Потом пытливо посмотрела на солонку, вытрясла на ладонь немного белого порошка, осторожно лизнула его и задумалась.
– Что? – спросила я, заинтересовавшись этой пантомимой.
– Вроде не кокаин, – не вполне уверенно сообщила Ирка.
– Дай попробовать. – Я отняла у нее солонку и тоже произвела экспресс-дегустацию. – Вроде обыкновенная соль.
– Ах, я уже ни в чем не уверена! – сердито воскликнула подружка.
Она еще раз пытливо огляделась на предмет обнаружения на полу гигантских сине-зеленых насекомых и наконец сдалась:
– В самом деле, надо попробовать поспать.
Я мысленно поблагодарила фантомного скорпиона за крайне своевременное явление и снова закрыла глаза, надеясь, что подружка теперь помолчит хоть часочек.
Как бы не так!
– Слушай, он на тебя таращится! – встревоженно нашептала она мне на ухо.
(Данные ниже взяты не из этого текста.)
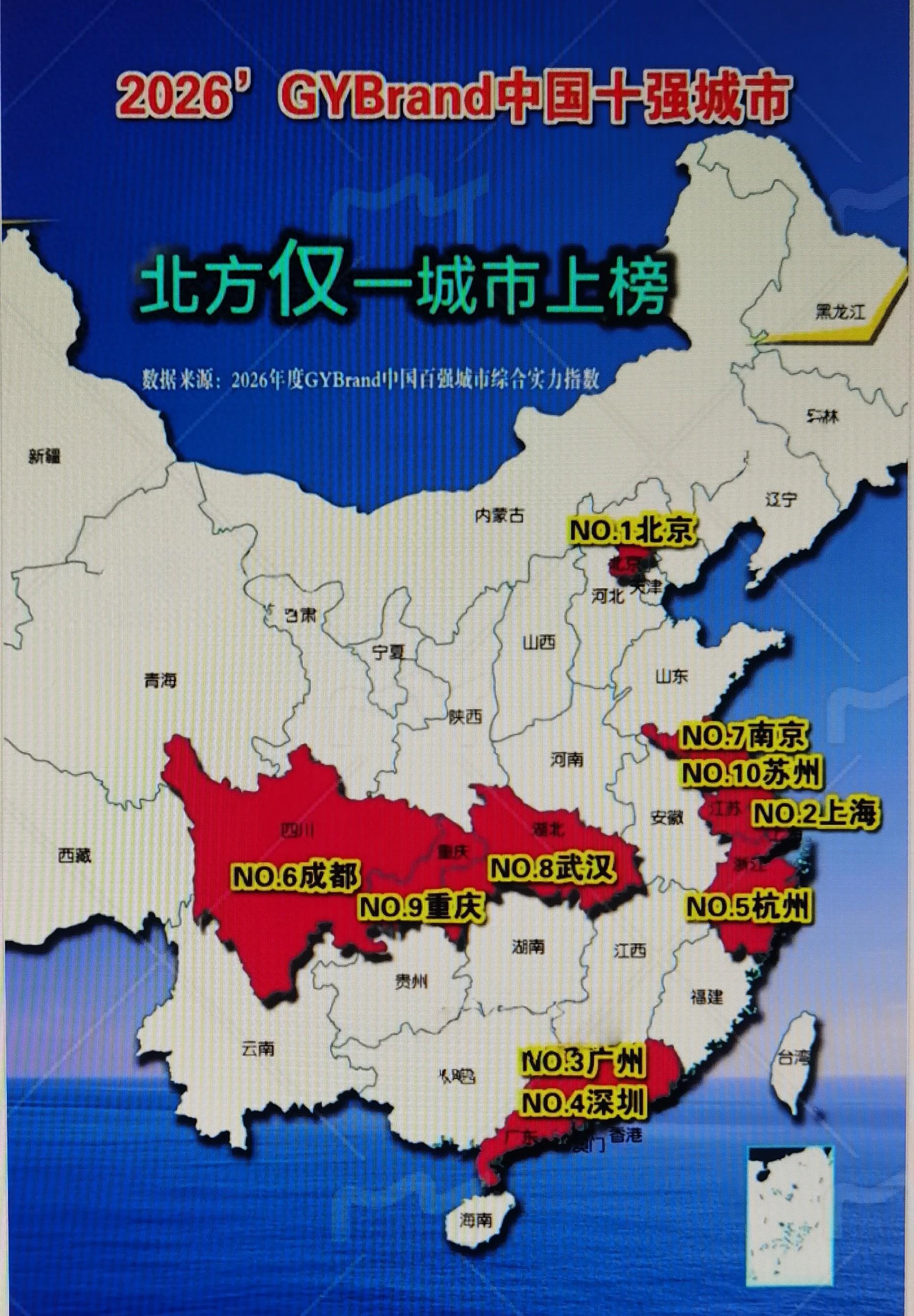 近日,城市指數研究機構GYBrand發佈了《2026年度中國百強城市指數》報告,推出了2026年中國城市綜合實力前十強榜單,前十名依次爲北京、上海、廣州、深圳、杭州、成都、南京、武漢、重慶和蘇州,北上廣深是公認的一線城市,超羣的實力無可爭議,重慶、南京、成都、武漢等城市,要麼是直轄市要麼是國家中心城市,位列其中也在情理之中,但令人意外的一個是直轄市天津的落榜,二就是地級市的蘇州憑藉經濟強勢進入前十,你認同這個排名嗎?
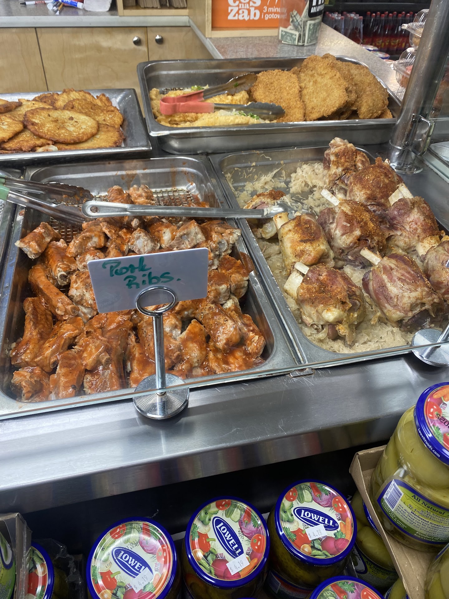 Upon entering, it was a bit overwhelming as the cozy, clean, cool interior features a grocery store with everything Polish, like canned sauerkraut, mustards, jellies, etc., a deli, and hot food to go.
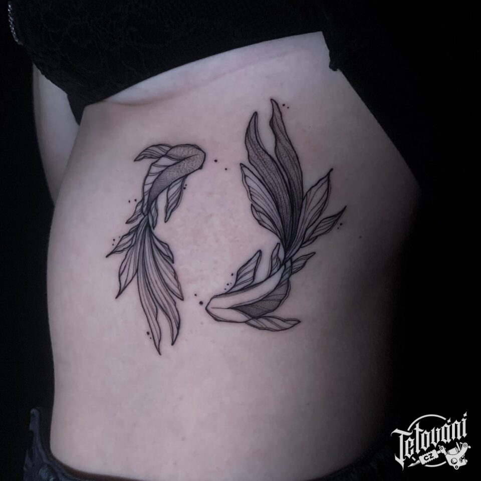 Tetování znamení zvěrokruhu, ryby na žebra
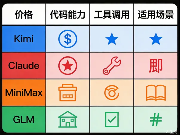 接下来我们用“人话”来分析Kimi、Claude、MiniMax、GLM四大AI的工具调用能力,包括它们的特点、能力边界和最适合的场景。

– Кто? Твой гигантский скорпион?
Воображение услужливо нарисовало мне гиперобщительное меганасекомое с глазами на ниточках, и сон с меня слетел.
– Что за манера присваивать каждую гадость! Маньяк наш, скорпион мой! Не надо мне такого «добра»! – заворчала Ирка. – Я говорю про того мужика!
– Не надо мне такого «добра», – повторила я, посмотрев на предмет разговора – редковолосого курносого очкарика далеко не героического телосложения.
Поймав мой взгляд, он улыбнулся и помахал ладошкой.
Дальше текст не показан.